Still, experts believe that maturing eggs outside the body could dramatically cut costs because the woman's ovaries would need minimal stimulation and she would need fewer ultrasounds and blood tests. Taliadouros estimates patients would need $900 worth of fertility drugs, instead of $5,000.
If science usurps yet another small but critical step in the creation of life, could abnormalities or defects turn up?

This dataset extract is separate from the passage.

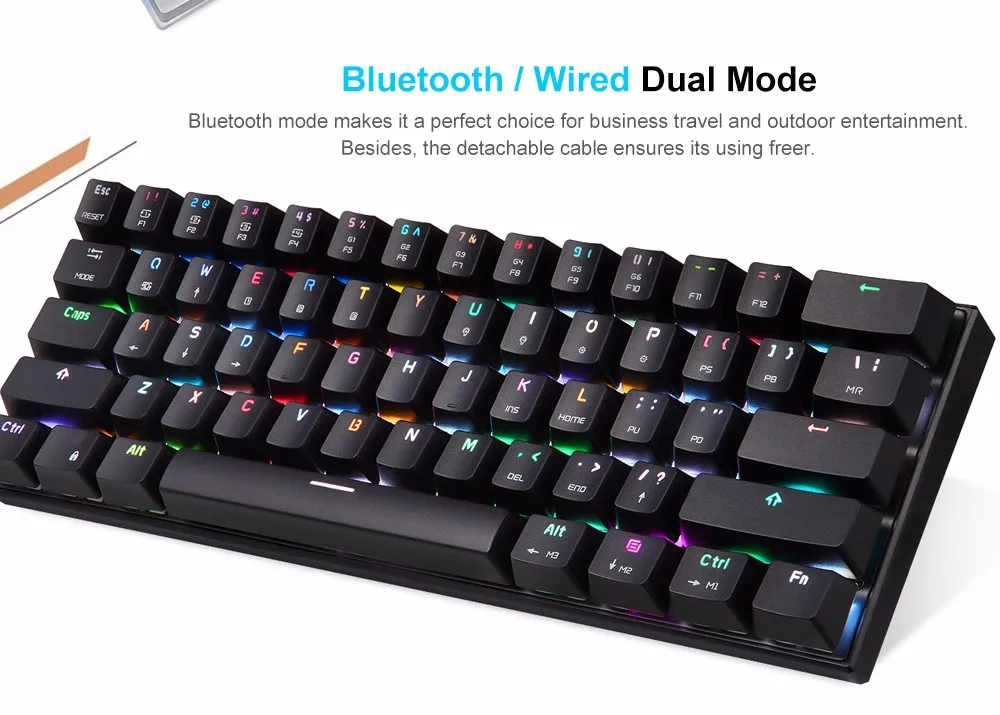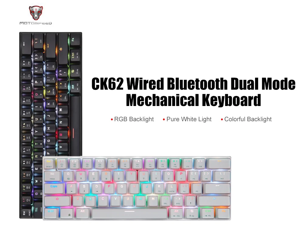MOTOSPEED CK62 клавиатура Проводная/Bluetooth клавиатура с двойным режимом механическая клавиатура 61 клавиша RGB светодиодный подсветка игровая клавиатура

"We worry about that," he said. "But right now, we're doing it for patients for whom Nature doesn't do it better."
Women such as Mozes.
She didn't know she had polycystic ovarian syndrome until she first tried to get pregnant about eight years ago.
The syndrome, which affects an estimated 6 percent of women of childbearing age, is a complex set of metabolic and hormonal malfunctions that can vary in severity and symptoms. Basically, the ovary doesn't make all the hormones needed for eggs to fully mature. Even though eggs may start to grow and accumulate fluid, they remain trapped and eventually die in their sacs, turning into fibrous cysts. Without the release of an egg, the menstrual cycle is irregular or missing - the hallmark symptom.
Mozes, a child-welfare administrator, often missed periods. But then, so did her mother and sisters, and they had no apparent fertility problems.
When Mozes couldn't get pregnant, she and her husband resorted to in vitro fertilization. They succeeded on their very first try - daughter Riley is now 4 1/2 - but the fertility drugs made Mozes extremely ill.
Her ovaries ballooned, causing fluids to shift from her blood vessels into her belly and chest. That erroneously signaled her kidneys to stop making urine, which made the swelling even worse. Even after the drug treatment was over, and 30 eggs had been removed from her ovaries, she spent a week in bed, massively bloated, short of breath, with severe abdominal pain and nausea.
And that bout of hyperstimulation was not nearly as severe as what she was headed for last summer, when her treatment was halted.
Although deaths are rare, severe hyperstimulation can cause strokes and other long-term complications.
Some patients can endure the treatment if drug doses are reduced or briefly interrupted, but it's a dicey balancing act.
"If you give too little medication, the patient may not respond," Taliadouros said. "Give too much, the patient hyperstimulates."
In Denmark, Anne Lis Mikkelsen, an IVM pioneer at Herlev University Hospital's fertility clinic, has been offering IVM not only to polycystic patients, but also to couples in which the man has fertility problems.
Pregnancy rates of 24 percent per IVM attempt - one out of every four patients - have been achieved, she wrote in a journal article in May.
Others say the technology has a long way to go. But it's only a matter of time.
In vitro egg maturation "is not ready for prime time. But you have to start somewhere," said Carolyn Coulam, a reproductive endocrinologist at the Rinehart Center for Reproductive Medicine in Chicago.
"I think it is the wave of the future."